Meta might have created a new AI monster

🏝 TheTechOasis 🏝

🤖 This Week’s AI Insight 🤖

Nothing in this world is perfect.

ChatGPT, Claude, Bard… all have one thing in common.

They can’t frickin’ scale.

However, Meta (Facebook) is determined to end this with MegaByte, a new Transformer model that could put all the aforementioned models to shame by being capable of handling word counts not in the low thousands like ChatGPT…

But in the millions.

It’s All Fun and Games Until You See the Bill

If you’re an avid user of Generative AI technology like I am, ChatGPT has become a fundamental part of your tech stack.

I speedrun my study of AI research papers with dozens of papers produced every week thanks to the AskYourPDF plugin, I quickly generate awesome headlines that convey the message I want, and I plan my travels to the smallest detail with the Expedia and GetYourGuide plugins.

To me, this is what peak consumer-end technology feels like.

But there’s a problem.

GPT-4 not only sits behind a paywall of $20 but it’s also hard-capped to 25 messages every three hours.
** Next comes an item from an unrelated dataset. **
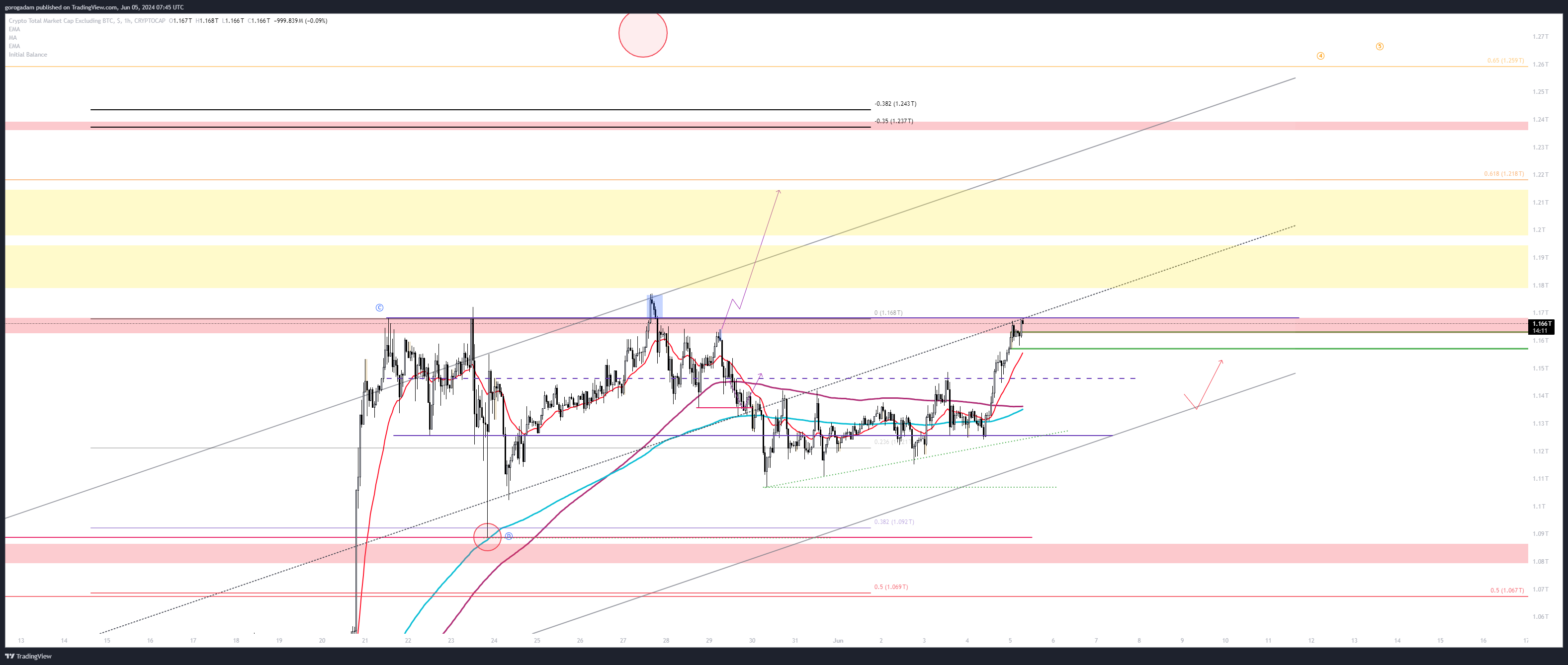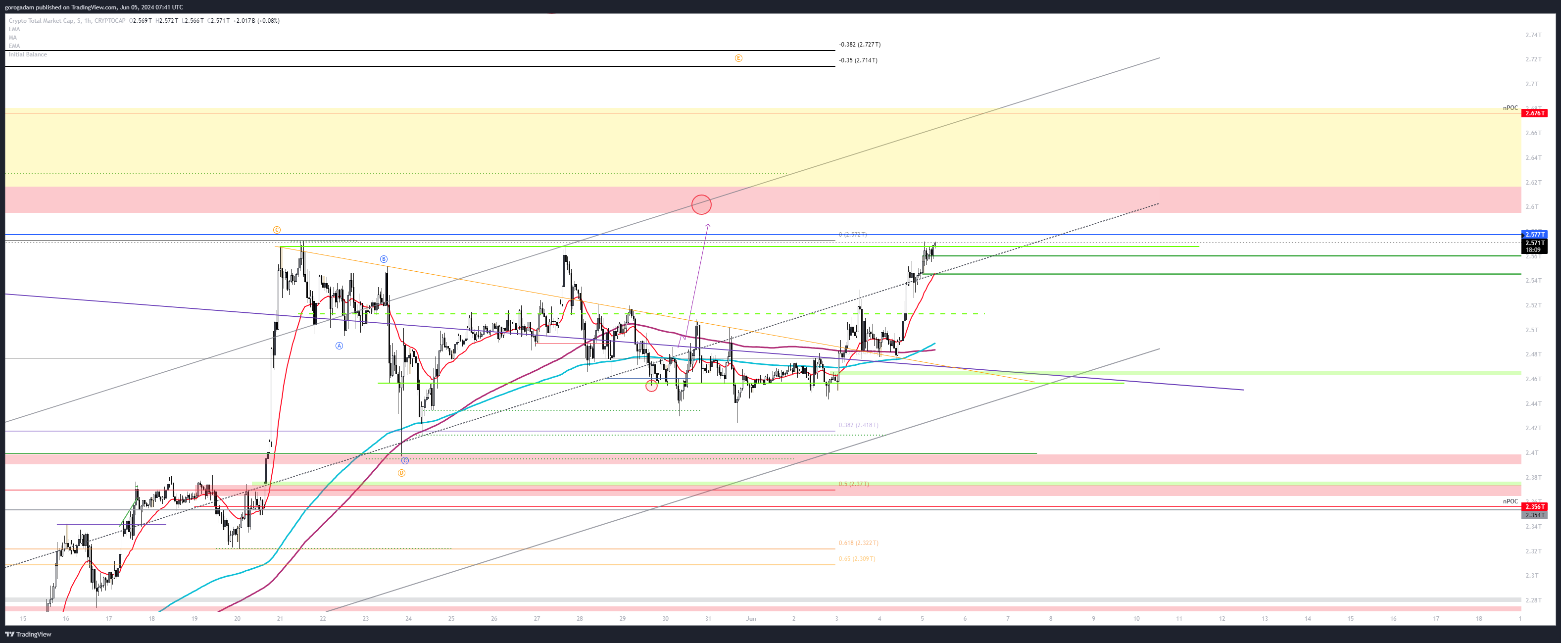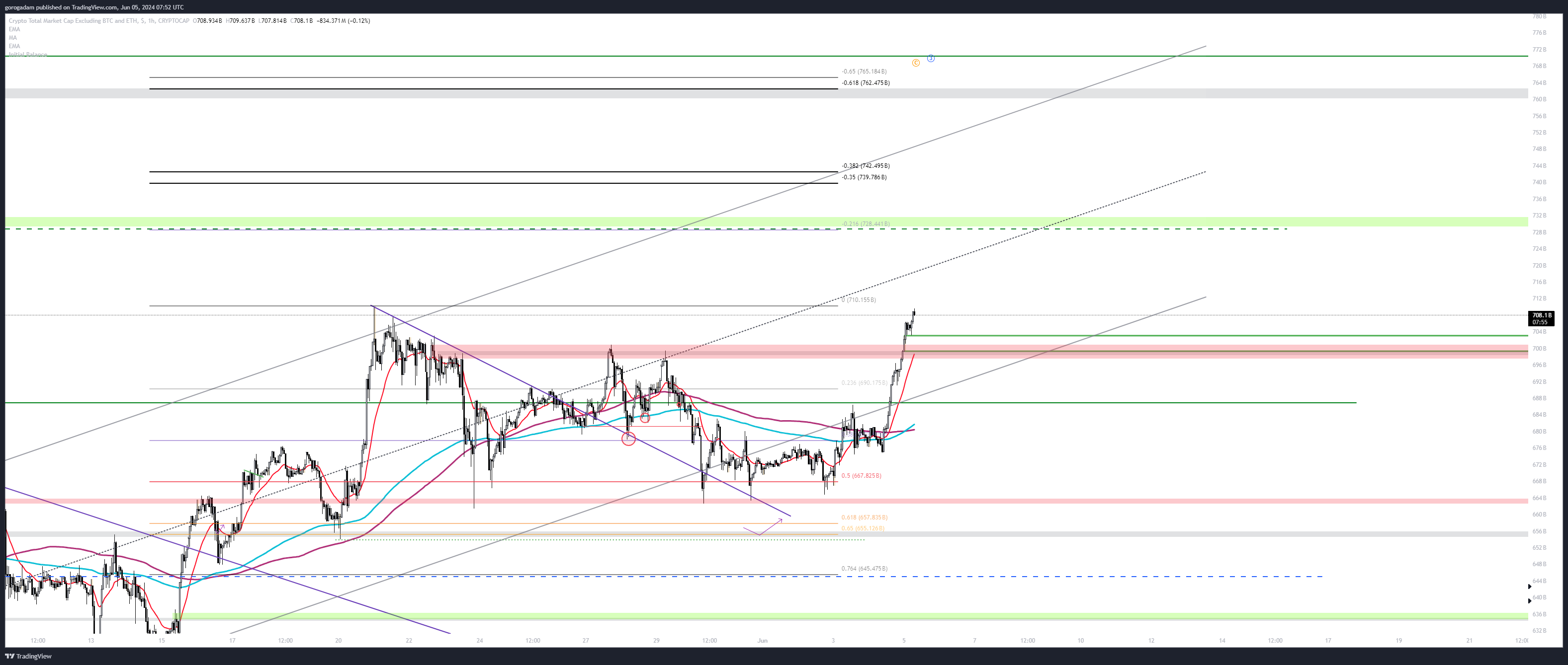 TOTAL3 legutóbbi kereskedési trigger: visszatértünk a sötétzölddel jelölt zónába, így egyértelműen a tetejét, 770B-t célozzuk, csak annyi a dolgunk, hogy ne b@sszuk el közben, és ez egy szép 10%-os mozgás csak addig, követve a csatornát.
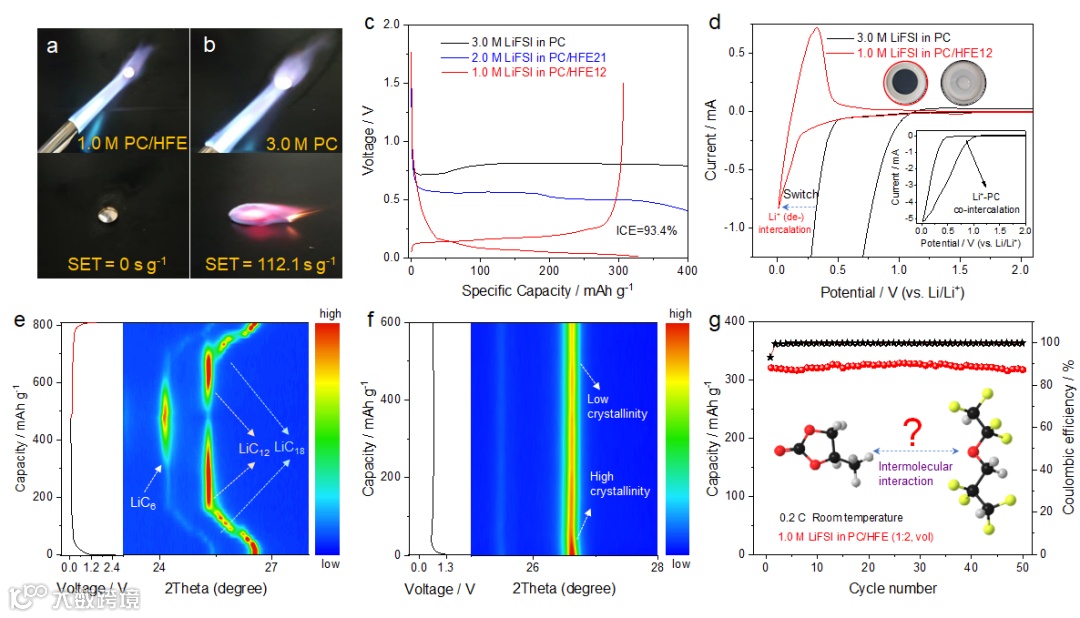 具体而言,作者在PC基电解液中,引入HFE氟醚溶剂作为稀释剂及阻燃剂,设计了1.0 M LiFSI in PC/HFE的阻燃电解液。研究发现,当HFE/PC的体积比达到2/1时,PC基电解液变得与石墨电极相容,Li+可逆脱嵌石墨,呈现经典的充放电曲线,初始库仑效率(ICE)高达93.4%。相比之下,在没有HFE的电解液中,即使PC基电解液的LiFSI浓度达到3.0 M,仍然会发生Li+-PC共嵌、石墨剥落和电解液分解(即放电曲线保持在 0.8 V)。通过循环伏安测试,原位XRD以及电池的循环性能测试进一步证实了加入HFE后电解液与石墨有较好的兼容性(图3)。进一步地,作者也通过“交换实验”发现SEI膜对稳定石墨电极、抑制Li+-PC共嵌的能力不足,进而证明电解液兼容性改善的主要原因可能是电解液微观结构的改变。因此,HFE如何影响 Li+溶剂化结构以及如何进一步影响石墨电极性能值得在分子尺度上进一步探索。

This undeniably affects the user experience and OpenAI knows this, but it is what it is… as OpenAI is spending millions per day in running GPT-4 for us.

This has severely crippled the experience in two ways:

  • Inference (model execution) limits like the one I’ve just mentioned

  • Severely limited sequence lengths

And while one can live with limiting the number of inferences you can run on premium models, the second limitation is a huge problem.

And that’s precisely what Meta’s MegaByte is solving.

The Great Computation Problem

Transformers are some of the most expensive technology to run in the world.

For reference, LLaMa, a 62 billion-parameter model by Meta had a cost of $5 million just in training, alone.

Imagine the costs of training GPT-4, a model that could easily be 10 times larger than that, or more.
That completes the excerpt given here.